Now imagine that each drive had its own server that you could communicate with directly, and there was a server to ensure that not only are your redundancy requirements enforced when the data is created, but also as requirements and resource availability change.
Now imagine that you could build interfaces on top of this data storage strategy which exposes a filesystem, a block device, and an S3-compatible object store.

That’s Ceph.

It’s big, and it’s complicated, but it is a true marvel of engineering that solves an extremely complicated problem in a way that any application can interface with and have no idea that anything has changed. One of my personal biggest use cases for it is CephFS. CephFS is the only open source network filesystem that I know of which is fully POSIX compliant, and it’s built on a rock-solid data redundancy system that has never fully failed on me except when I got paranoid and forced it to do something stupid.

I highly recommend learning to manage Ceph properly, but what’s even nicer about all this is that unless you’re doing anything crazy like me, you likely won’t have to do anything more than initiate automated repair for occasional data corruption after heavy use. I’ll get into some more Ceph management essentials in a later section of the book, but Rook takes care of most of it for you.

Side note: If Ceph tells you that your PGs are inconsistent, don’t freak out. It knows what it’s doing, and if you instruct it to repair, it almost always will, but it takes some time, so stay calm and give it space to work. I’ll go over repairing data in the maintenance guide.

Installation

We will be using Helm to install Rook.
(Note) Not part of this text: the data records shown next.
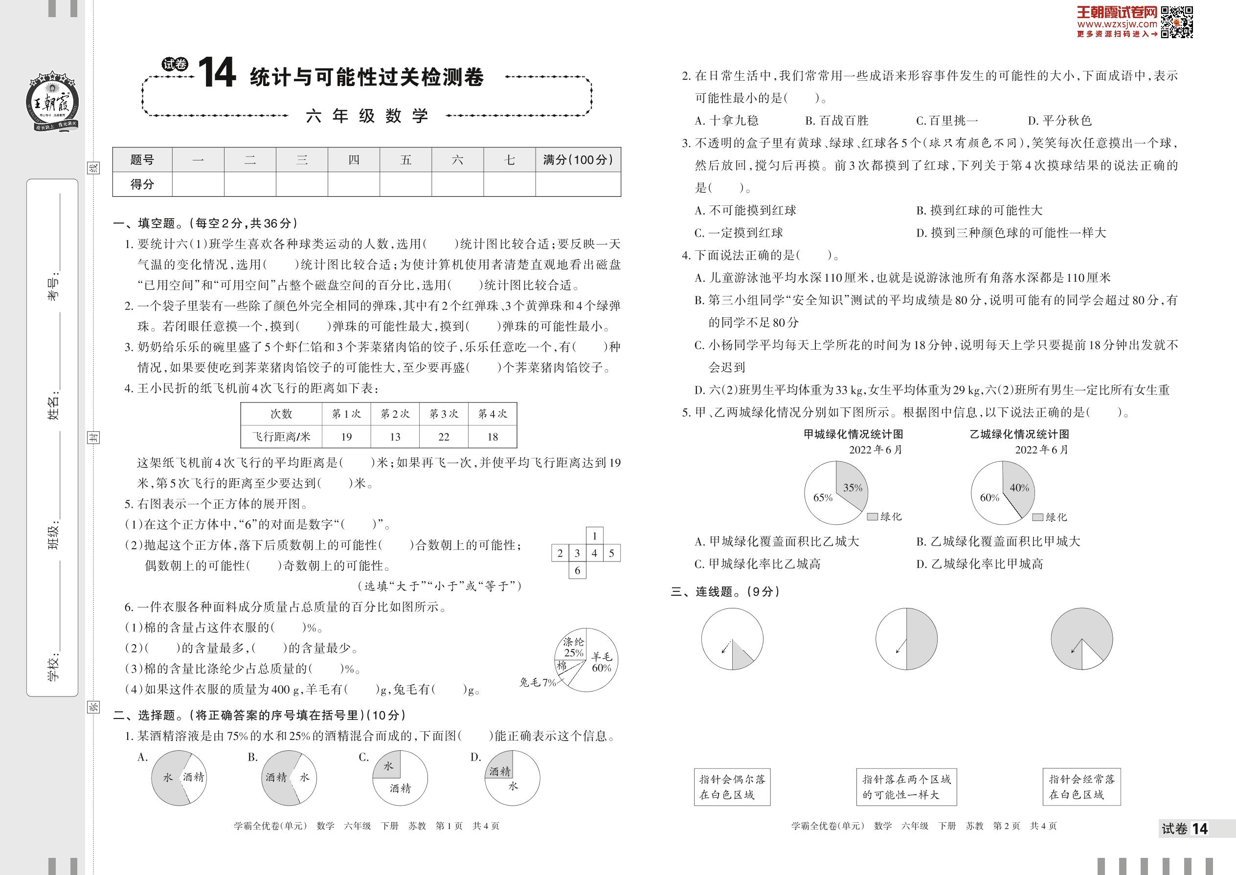 2023下册六年级数学苏教版 试卷14 统计与可能性过关检测卷
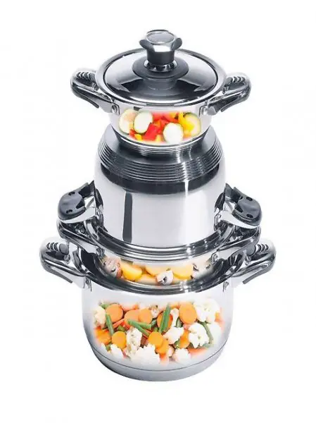 Ein multifunktionaler Dünsteinsatz, eine vielseitig verwendbare Schüssel mit Deckel, zwei
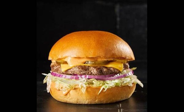 One grass fed beef patty, American cheese, lettuce, onion, pickles, with NYM special sauce, in a milk bun

I am writing this manual off of the official docs which can be found here:

Ceph Operator Helm Chart

[Aside] Why Helm?

I recommend using the Helm repo instead of applying the manifest files directly because helm can help you manage resources after they’ve been deployed. This is greatly helpful for things like upgrades where resources may be added, modified, or removed, and can be difficult to keep track of by hand.
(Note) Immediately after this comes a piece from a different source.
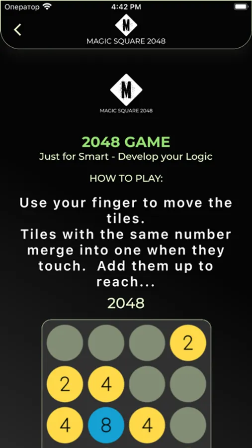 Magic Square 2048 is a single-player sliding tile puzzle game. The objective of the game is to slide numbered tiles on a grid to combine them to create a tile with the number 2048, however, one can continue to play the game after reaching the goal, creating tiles with larger numbers. Strategies in Magic Square 2048 include keeping the highest tiles in a specific corner and to keep that tile in that corner and to fill the specified row with the highest numbers.
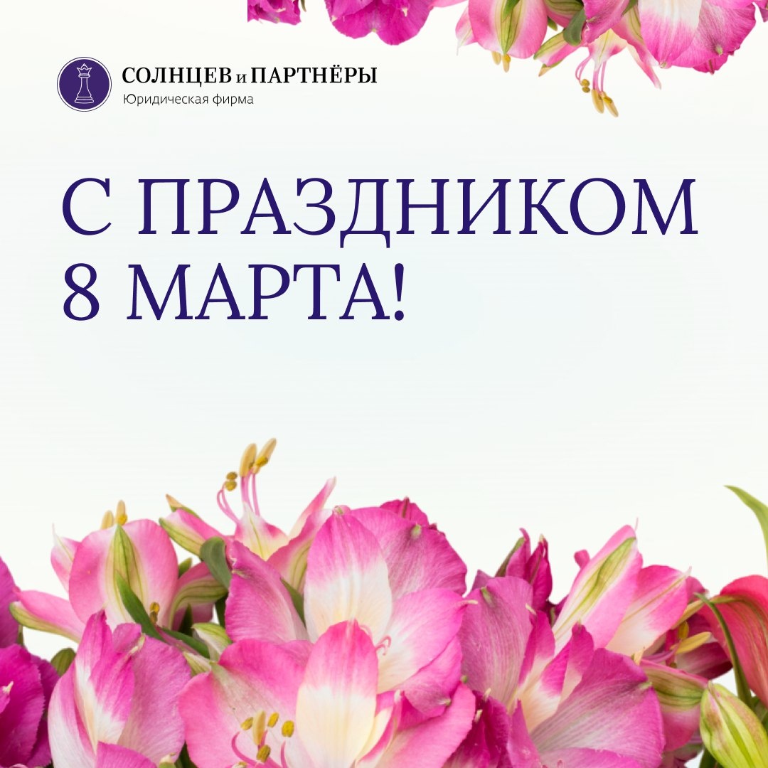 ! Этот день — ещё один повод сказать слова благодарности женщинам, которые делают мир вокруг теплее, добрее и красивее. Ваша энергия, забота и сила вдохновляют и помогают двигаться вперёд. ✨ Пусть в вашей жизни будет больше радостных моментов, искренних улыбок и внимания близких людей. Пусть рядом всегда будут поддержка, любовь и уверенность в завтрашнем дне. 💐 С уважением и наилучшими пожеланиями, Станислав Солнцев Управляющий партнёр юридической фирмы «Солнцев и партнёры» ⚖️

Normally, I would recommend tracking everything in a GitOps platform like FluxCD, but since Ceph provides the CSI that FluxCD needs in order to run properly, we unfortunately cannot use FluxCD yet.
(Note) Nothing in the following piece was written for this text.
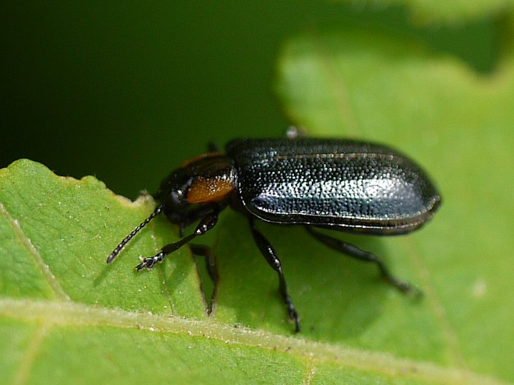 「クルミハムシ」は北海道から九州にかけて分布するハムシ科ハムシ亜科のハムシです。成虫の出現時期は5月から8月で,主に山間部などで見ることができます。 体は扁平で黒っぽい色をしており,前胸背部の側面は黄褐色をしています。オニグルミやサワグルミを食草にしていることが名前の由来になっています。

Install Rook Ceph Operator

First, add the Rook Helm chart repository.

helm repo add rook-release https://charts.rook.io/release

Next, create your values.yml file. I personally like the default config, so I won’t be creating one. However, you can use this section of the docs to determine the variables you want to use. Note that the . characters used in the parameter names represent nested values. For example, if you want to set the crds.enabled parameter to false, you’d use the following yaml:

crds:
  enabled: false

If you choose to customize any values, make sure to add -f values.yml to the end of your install command.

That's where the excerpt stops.